■ **EXERCISE DIRECTIONS**
The records that follow are to be transcribed in full, leaving out each picture.

[Collection entries]
_ _ _ _

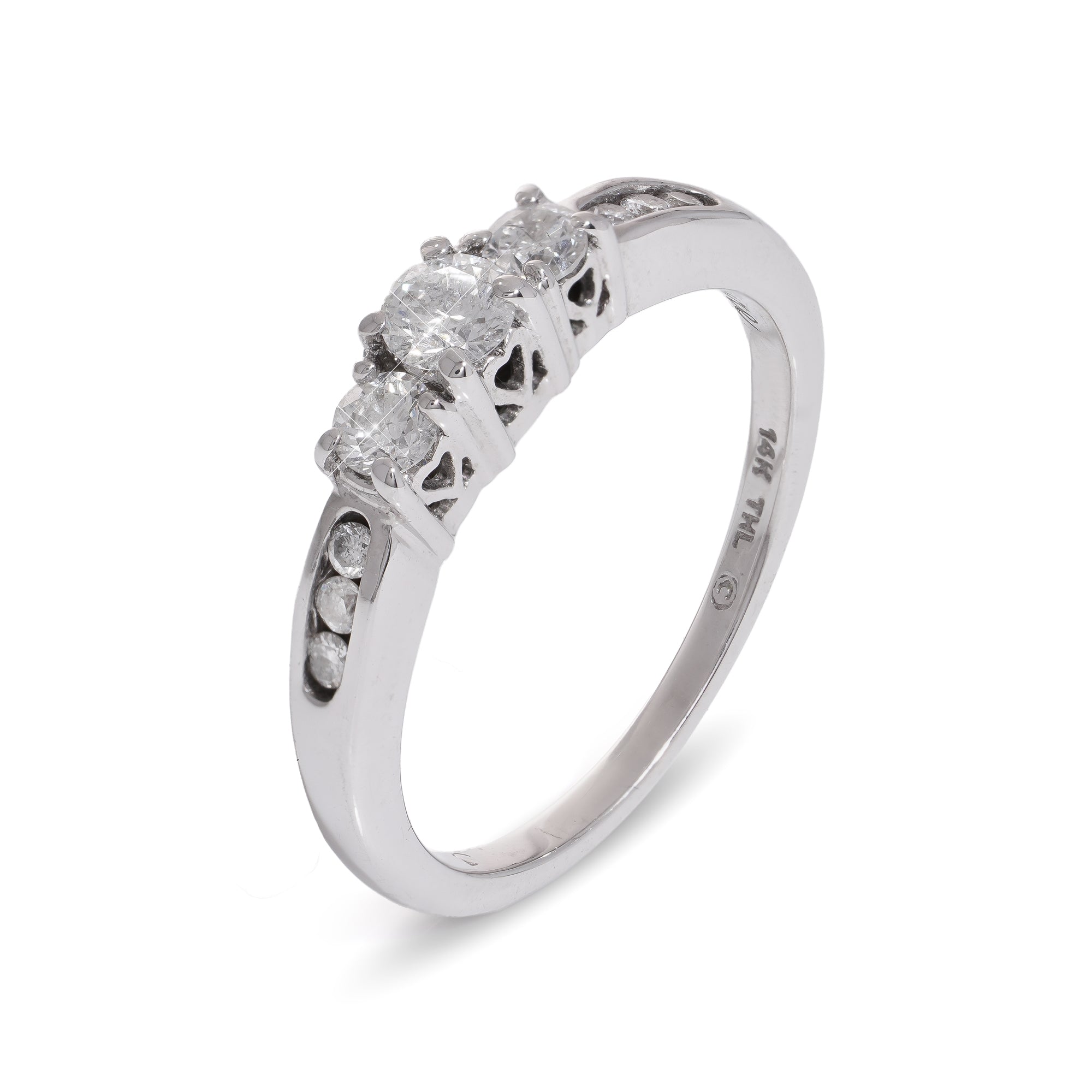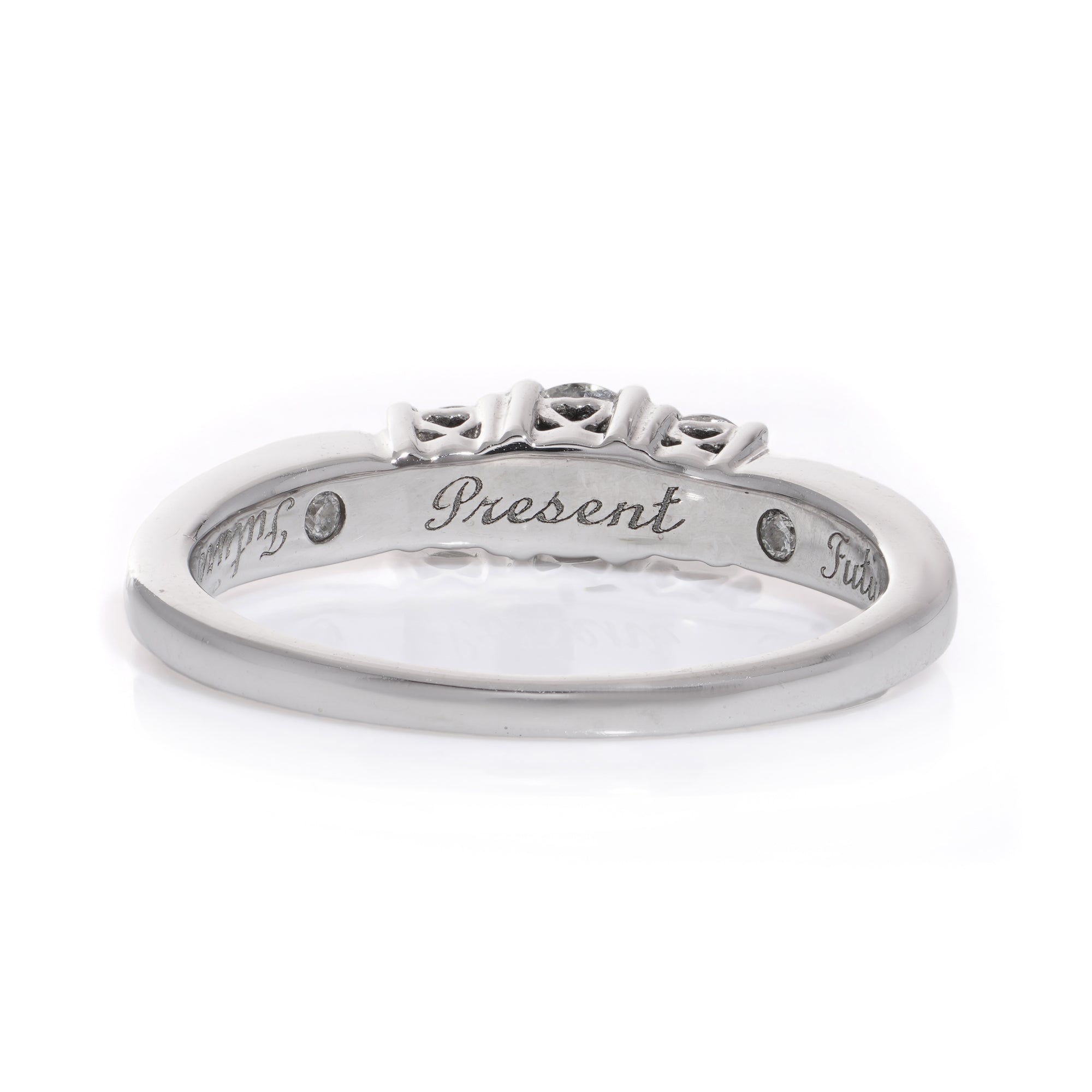 This exquisite 14ct white gold diamond three stone ring offers an opulent way to symbolize true love. Featuring three brilliant cut diamonds at the focal point, bespoke diamond set shoulders, and two dainty diamonds set to the underside of the head, the ring is cleverly engraved to the underside with sentiments of 'past, present, and future.' A luxurious and timeless statement of affection.
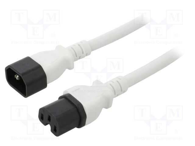 Kablo; 3x14AWG; IEC C14 erkek,IEC C15 dişi; PVC; 1m; beyaz; 15A
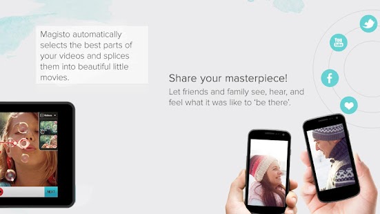 You don’t have to be a video or photo editor or know anything about video or photo editing at all. Magisto will analyze your video and photos and splice it together for you, creating a professional looking movie—an edit that you’ll be proud to share with your friends.
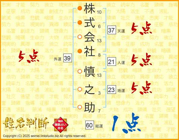 株(10画)式(6画)会(13画)社(8画) 慎(13画)之(3画)助(7画)
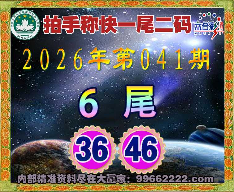 041期:🥧拍手称快🥧一尾二码🥧【6尾主:36.46】开:36准
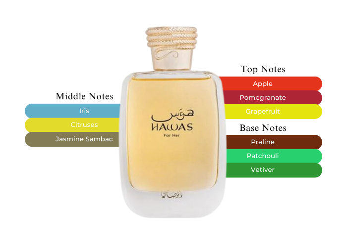 Hawas for Her by Rasasi is a Floral fragrance for women. Hawas for Her was launched in 2015. Top notes are Pomegranate, Apple and Grapefruit; middle notes are Jasmine Sambac, Iris and Citruses; base notes are Praline, Patchouli and Vetiver.

_ _ _ _

■ **RESPONSE AREA**
 This exquisite 14ct white gold diamond three stone ring offers an opulent way to symbolize true love. Featuring three brilliant cut diamonds at the focal point, bespoke diamond set shoulders, and two dainty diamonds set to the underside of the head, the ring is cleverly engraved to the underside with sentiments of 'past, present, and future.' A luxurious and timeless statement of affection.
 Kablo; 3x14AWG; IEC C14 erkek,IEC C15 dişi; PVC; 1m; beyaz; 15A
 You don’t have to be a video or photo editor or know anything about video or photo editing at all. Magisto will analyze your video and photos and splice it together for you, creating a professional looking movie—an edit that you’ll be proud to share with your friends.
 株(10画)式(6画)会(13画)社(8画) 慎(13画)之(3画)助(7画)
 041期:🥧拍手称快🥧一尾二码🥧【6尾主:36.46】开:36准
 Hawas for Her by Rasasi is a Floral fragrance for women. Hawas for Her was launched in 2015. Top notes are Pomegranate, Apple and Grapefruit; middle notes are Jasmine Sambac, Iris and Citruses; base notes are Praline, Patchouli and Vetiver.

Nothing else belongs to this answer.